**Exercise details**
Although the records contain pictures, none belong in the copy: restate word for word only the lines from the one with "Ce motoculteur thermique" through the one with "Stay stylish and", both included.

**Listed entries**
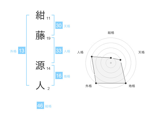 紺藤 源人さんを姓名の画数から五運を鑑定
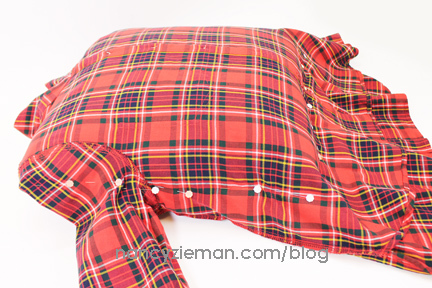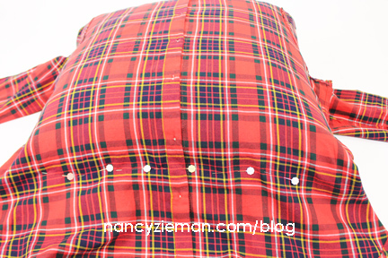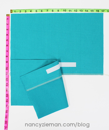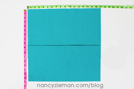 Cut two 17″ x 11-1/2″ rectangles for the back of the pillow (see blog for size).
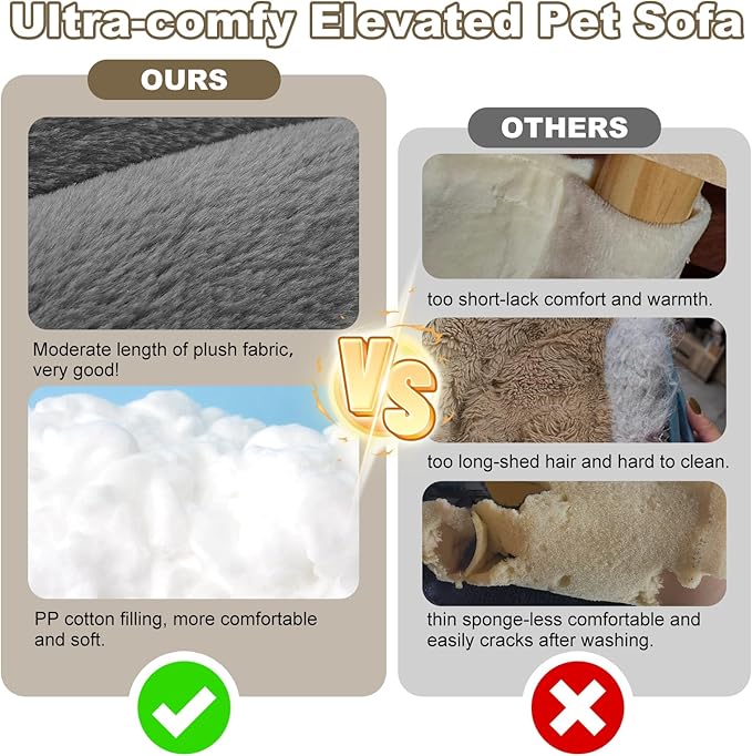 - Integrated Stitched Elevated Cat Couch Cover: No frustrating Ve-l-cro here! Unlike flimsy fasteners that wear out, trap lint, or lose stickiness, our seamless design keeps your cat furniture looking neat and staying durable. Perfect as a cat sofa or dog couch for your furry friend, it’s ideal for indoor cats and small pups who deserve a cozy spot. Whether you need a kitten bed or a small dog bed, this piece works beautifully in any room
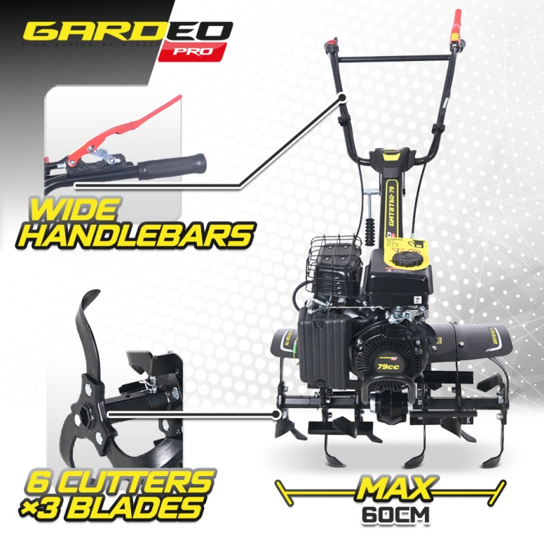 Ce motoculteur thermique de la marque Gardeo Pro est équipé d'un moteur Rato R80 de 79CC à axe horizontal. C'est un motoculteur professionnel conçu pour les agriculteurs et les paysagistes. Fabriqué avec des matériaux durables et fiables, il est idéal pour labourer les petites et moyennes parcelles, y compris les cultures, les potagers et les jardins jusqu'à 350m².
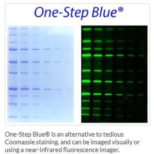 One-Step Blue® Protein Gel Stain is a ready-to-use visible blue protein gel staining solution. With no fixation or wash steps required, One-Step Blue® is a great choice for convenience and safety. One-Step Blue® can detect as little as approximately 10-20 ng of protein per band.
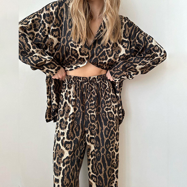 Stay stylish and comfortable all night long with this pajamas set! This two-piece set includes a top and matching bottoms, both featuring the eye-catching leopard print. Crafted with high-quality fabric, this pajama set offers a comfortable and cozy fit. The leopard print adds a playful and sexy element, creating visual interest and making a bold statement.
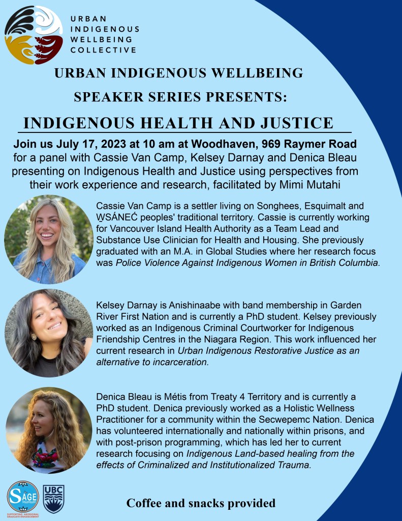 The Urban Indigenous Wellbeing Collective presents its first event as a part of the Speaker Series on July 17, 2023, at 10 am at Woodhaven. The Urban Indigenous Wellbeing Collective is committed to building an innovative research, training, and mentorship community that is centred on the wellbeing of urban Indigenous communities. Honouring Indigenous connection to the land this panel will be held outside and brings together Cassie Van Camp, Kelsey Darnay and Denica Bleau who will be presenting on Indigenous Health and Justice using perspectives from their work experience and research and facilitated by Mimi Mutahi. We invite anyone interested to come join us, with coffee and snacks being provided.
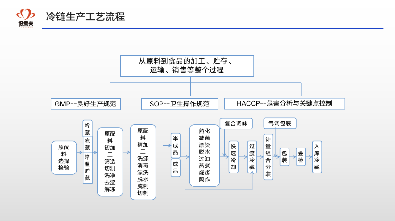 你能不能在不同的場景下做出滿足不同需求的C端產(chǎn)品來。從B端的需求出發(fā),預(yù)制菜怎么去給我們的客戶節(jié)約成本,大概包括人工、時(shí)間、空間、消耗。人工包括管理人員、廚師、廚工,時(shí)間減少我們終端現(xiàn)場的操作時(shí)間,延長后邊工廠加工的時(shí)間,省空間包括節(jié)省現(xiàn)場的操作空間,就是你的廚房、你的門店廚房和前廳的占比要越來越小,小廚房、大前廳。充分利用央廚的空間,省消耗包括本身產(chǎn)品的損耗、運(yùn)營的消耗和過程中的損耗。標(biāo)準(zhǔn)化的技術(shù)、冷鏈技術(shù)、供應(yīng)鏈的管理、精益管理,大家會發(fā)現(xiàn)不同的技術(shù)在給你省不同的成本。
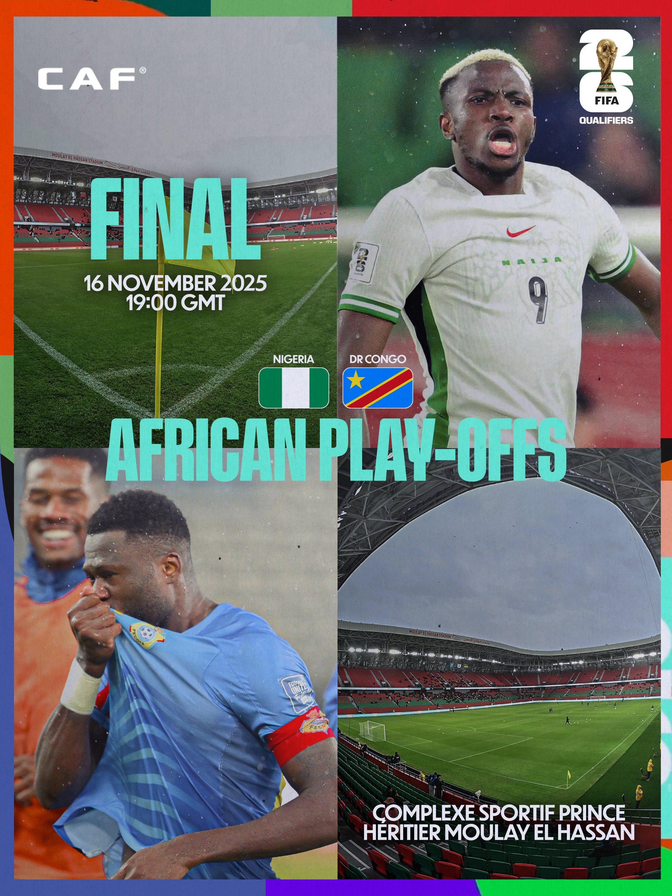 นอกเหนือจากการแข่งขันระหว่างทีมยุโรปแล้ว รอบชิงชนะเลิศของรอบเพลย์ออฟเบื้องต้นของแอฟริกาโลกจะเริ่มในเวลา 03.00 น. เช้าวันพรุ่งนี้ตามเวลาปักกิ่ง รอบชิงชนะเลิศเป็นรูปแบบรอบเดียว และจะยังคงเล่นต่อที่สนามกลางในโมร็อกโก ผู้ชนะระหว่างไนจีเรียและสาธารณรัฐประชาธิปไตยคองโกจะได้ผ่านเข้ารอบเพลย์ออฟข้ามทวีปและแข่งขันกับคู่ต่อสู้จากทวีปอื่นต่อไปเพื่อผ่านเข้ารอบฟุตบอลโลก
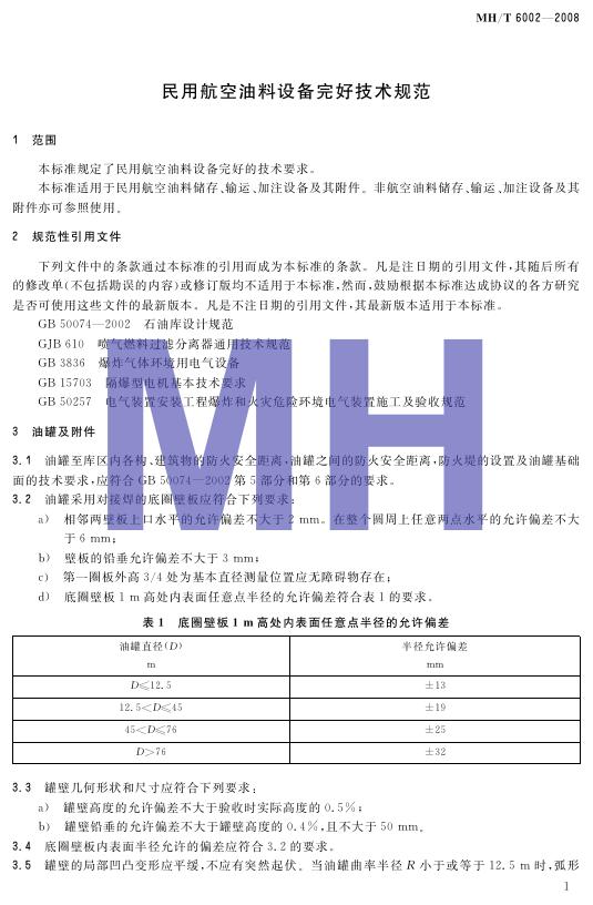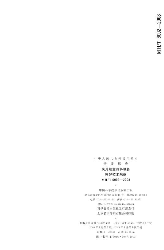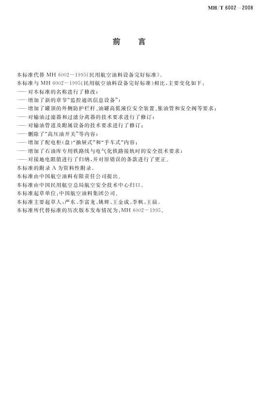 MH/T 6002-2008 民用航空油料设备完好技术规范
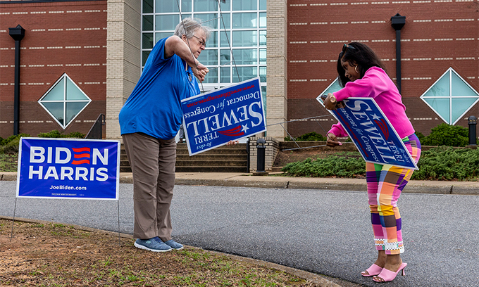 응원 팻말 꽂는 바이든 지지자들 입력 : 2024-03-06 19:03:06 수정 : 2024-03-06 19:03:05 구글 네이버 유튜브 5일(현지시간) 미국 대선 민주당 프라이머리가 치러진 앨라배마주 터스컬루사에서 민주당 관계자들이 조 바이든 대통령과 카멀라 해리스 부통령 등을 응원하는 팻말을 땅에 꽂고 있다. <연합>연합> Copyright ⓒ 세계일보. 무단 전재 및 재배포 금지 연합
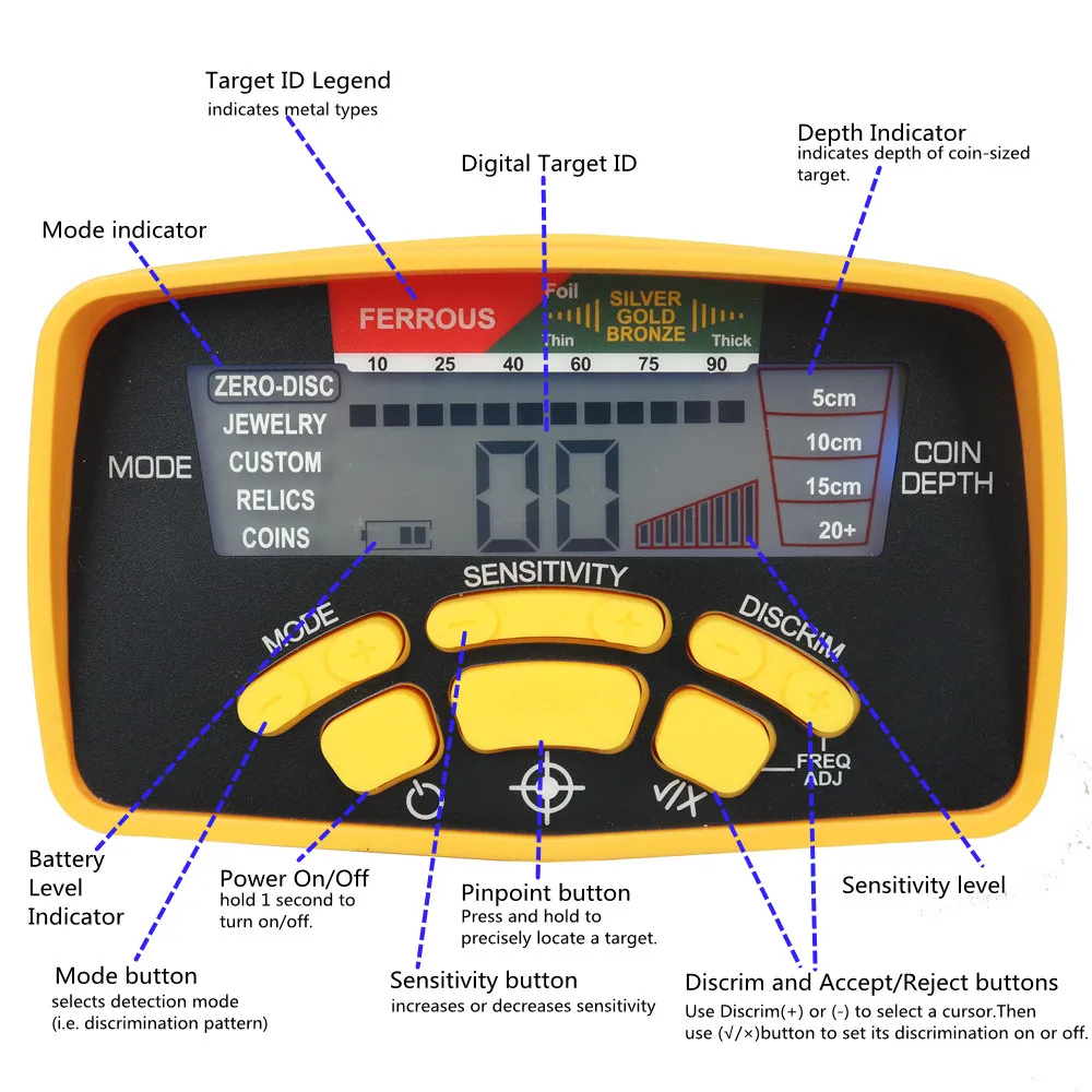 Особенности:Регулируемый стержень позволяет регулировать длину детектора для комфортного использования.Интерфейс ЖК-дисплея более четкий и быстрый для чтения данных.С разъемом для наушников, позволяет подключать стерео наушники и работать без проблем.Благодаря захвату и локоть, которые позволяют удобно носить с собой и управлять вашим детектором, чтобы убедиться, что этот детектор прост для людей разных размеров, возрастов.Подходит для поиска и тестирования металлических предметов, золотых и серебряных ювелирных изделий, монет, реликвий и т. д. независимо от того, являетесь ли вы начинающим охотником за сокровищами или опытным любителем обнаружения металла, вы можете легко использовать его.

**Written solution**
 Ce motoculteur thermique de la marque Gardeo Pro est équipé d'un moteur Rato R80 de 79CC à axe horizontal. C'est un motoculteur professionnel conçu pour les agriculteurs et les paysagistes. Fabriqué avec des matériaux durables et fiables, il est idéal pour labourer les petites et moyennes parcelles, y compris les cultures, les potagers et les jardins jusqu'à 350m².
 One-Step Blue® Protein Gel Stain is a ready-to-use visible blue protein gel staining solution. With no fixation or wash steps required, One-Step Blue® is a great choice for convenience and safety. One-Step Blue® can detect as little as approximately 10-20 ng of protein per band.
 Stay stylish and comfortable all night long with this pajamas set! This two-piece set includes a top and matching bottoms, both featuring the eye-catching leopard print. Crafted with high-quality fabric, this pajama set offers a comfortable and cozy fit. The leopard print adds a playful and sexy element, creating visual interest and making a bold statement.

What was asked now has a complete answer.